A number of people have recently asked me how to setup real-time alerts for
different things -- Jive, competitors, their own name (vanity?), etc.
I've tested a number of ways to facilitate this "persistent search"
functionality, whereby I am notified any time one of the many search
engines out there (Google, Yahoo, Ask, Technorati, etc) finds a
specific keyword. Let's use "Jive Software" as an example. Here is what
I want to do:
- know any time a blog mentions the words "Jive Software"
- know any time a static website adds a page that contains "Jive Software"
- be notified ASAP so I can react
Now, to facilitate this, there are some process points:
- I want to avoid clogging my inbox, so this has to be done via RSS, not email (so Google Alerts won't fit the bill).
- I also want to over-subscribe, and build logic to filter the noise
-- as opposed to only subscribe to one or two sources -- so I don't
miss anything (which crosses-off the persistent search functions built
into RSS readers like Attensa , where you could setup searches for both "Jive Software" and "Clearspace" and get two of every article that mentions both).
So, I turn to Yahoo Pipes.
This tool is absolutely fantastic. A life-saver. And for you Perl
ninjas out there, you can make it do even more than me. So here's what
it does: takes in data (RSS/XML, JSON, whatever), allows you to mash it
up (splice, sort, filter, rename, etc), and then spits it out in
whatever fashion you want (RSS, JSON, email, text message).
Back to our "Jive Software" example. So, I want to setup a "pipe" to
monitor this term (a free-standing tool that sucks in data, processes
it, and spits it back out):
- Log-in to your Yahoo account
- Go to http://pipes.yahoo.com/pipes
- Go to my profile http://pipes.yahoo.com/techpaulogy
- Hover over my pipe that says "Persistent Search – Jive"
- Click on the "Clone" link in the upper-right of the gray highlighted area that pops up
- Click on the "My Pipes" link in the top navbar
- You should see a new pipe in your list of Pipes that is a copy of mine.
- Click on the title of the copied pipe to go to it's management
page. You'll see the current live results for "Jive Software" searches
on Google, Yahoo, Ask, and Technorati , etc.
- Click on the "Edit Source" link. Now for the magic (click the image -- it's 1600 px wide, might need to resize or download to see it best):
Here, you can see the guts of the pipe. It uses modules to fetch the
source feeds, in one case re-maps some data fields to sync up with each
other, combines all the sources, sorts them by date, filters out
duplicates, and outputs the new feed. Voila! Play around.
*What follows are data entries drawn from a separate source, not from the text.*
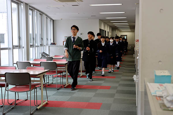 中学1年生のオリエンテーションがありました。教室で日常の学校生活の説明、学校行事の説明を受けた後、職員室や体育館など校内を見て回り、施設の使い方などを教わりました。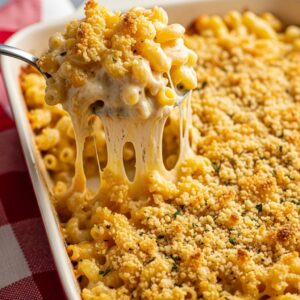 Ingredients: pasta, cheddar, mozzarella, butter, flour, milk, breadcrumbs.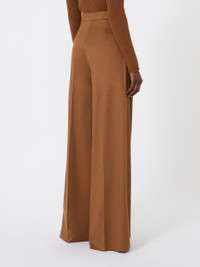 DETAILS Long trousers featuring a tailored silhouette with double pleats at the front waist. Lightweight pure camel zibeline drap trousers Wide fit Fastening with a wide waistband tab, zip fly and small hook Slant pockets at the sides Trouser crease and darts sewn at the waist back Unlined COMPOSITION AND CARE 100% camelwool. Do not wash; do not bleach; do not tumble dry; cool iron; professionally dry clean perchloroethylene - mild process; do not wet clean. Distributed by Max Mara S.r.l., registered office in Reggio Emilia (Italy), Via Giulia Maramotti 4, 42124 (IT)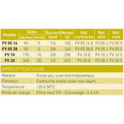 Les filtres série FV possèdent des taraudages pour le raccordement sur l’orifice d’aspiration du venturi ou pour le montage direct sur le circuit de vide.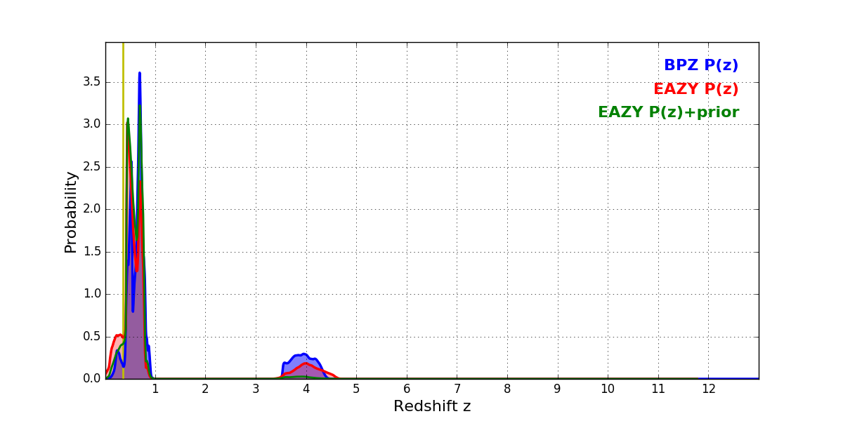 In P(z) plots: Yellow lines mark the cluster redshift z = 0.356,

Now that it's
been copied to your account, you can break it to your heart's content.
Envision expanding this to also track searches for competitors, Jive
product names, industry analysts, etc. (you'll see another pipe in my account
called "Splice - Jive Feed" that combines this persistent search pipe
with a shared OPML file of enterprise software blogs -- it's a work in
progress).
Who else has played with this? Any Perl ninjas out there want to help
me write logic (based on Regular Expressions) that can help standardize
dates in all the various feeds to enable better sorting? Right now it's
pretty hit or miss. Also, I'd love to explore publishing some shared
"best-practice" OPML files (one for Competitor's blogs, one for
Enterprise Software blogs, etc) that can be plugged in -- I was having
trouble parsing the OPML file in the example "Splice" pipe.